Your goal: Repeat exactly, and only, the lines of the entries below from the one with "重慶軌道交通27號線工程水土" through the one with "Продавам страхотна много", both ends included.

Extracted data:
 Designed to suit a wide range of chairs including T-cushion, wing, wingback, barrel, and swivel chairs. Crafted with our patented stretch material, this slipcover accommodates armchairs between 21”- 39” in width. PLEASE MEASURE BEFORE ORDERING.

...

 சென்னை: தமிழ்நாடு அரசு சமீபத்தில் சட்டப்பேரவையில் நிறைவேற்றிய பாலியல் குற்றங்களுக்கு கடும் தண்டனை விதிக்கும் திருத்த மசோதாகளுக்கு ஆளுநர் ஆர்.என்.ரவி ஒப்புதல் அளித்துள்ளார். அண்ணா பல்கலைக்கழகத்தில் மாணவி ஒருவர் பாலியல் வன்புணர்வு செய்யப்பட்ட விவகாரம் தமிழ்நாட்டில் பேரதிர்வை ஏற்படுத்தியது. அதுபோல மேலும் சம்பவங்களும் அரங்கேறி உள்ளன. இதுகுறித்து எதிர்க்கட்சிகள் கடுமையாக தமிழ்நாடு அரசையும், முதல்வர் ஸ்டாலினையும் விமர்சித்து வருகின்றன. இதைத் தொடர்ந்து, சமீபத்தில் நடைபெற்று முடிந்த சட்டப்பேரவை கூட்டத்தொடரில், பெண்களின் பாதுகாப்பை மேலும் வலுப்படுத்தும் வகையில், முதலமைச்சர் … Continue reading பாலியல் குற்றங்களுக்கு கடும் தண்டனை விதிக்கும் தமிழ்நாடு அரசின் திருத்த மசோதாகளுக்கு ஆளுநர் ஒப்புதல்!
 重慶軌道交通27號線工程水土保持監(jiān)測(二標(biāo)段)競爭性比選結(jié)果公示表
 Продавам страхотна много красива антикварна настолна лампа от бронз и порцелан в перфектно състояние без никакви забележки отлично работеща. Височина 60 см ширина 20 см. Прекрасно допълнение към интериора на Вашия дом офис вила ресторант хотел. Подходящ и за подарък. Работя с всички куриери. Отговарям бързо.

Solved problem:
 重慶軌道交通27號線工程水土保持監(jiān)測(二標(biāo)段)競爭性比選結(jié)果公示表
 Продавам страхотна много красива антикварна настолна лампа от бронз и порцелан в перфектно състояние без никакви забележки отлично работеща. Височина 60 см ширина 20 см. Прекрасно допълнение към интериора на Вашия дом офис вила ресторант хотел. Подходящ и за подарък. Работя с всички куриери. Отговарям бързо.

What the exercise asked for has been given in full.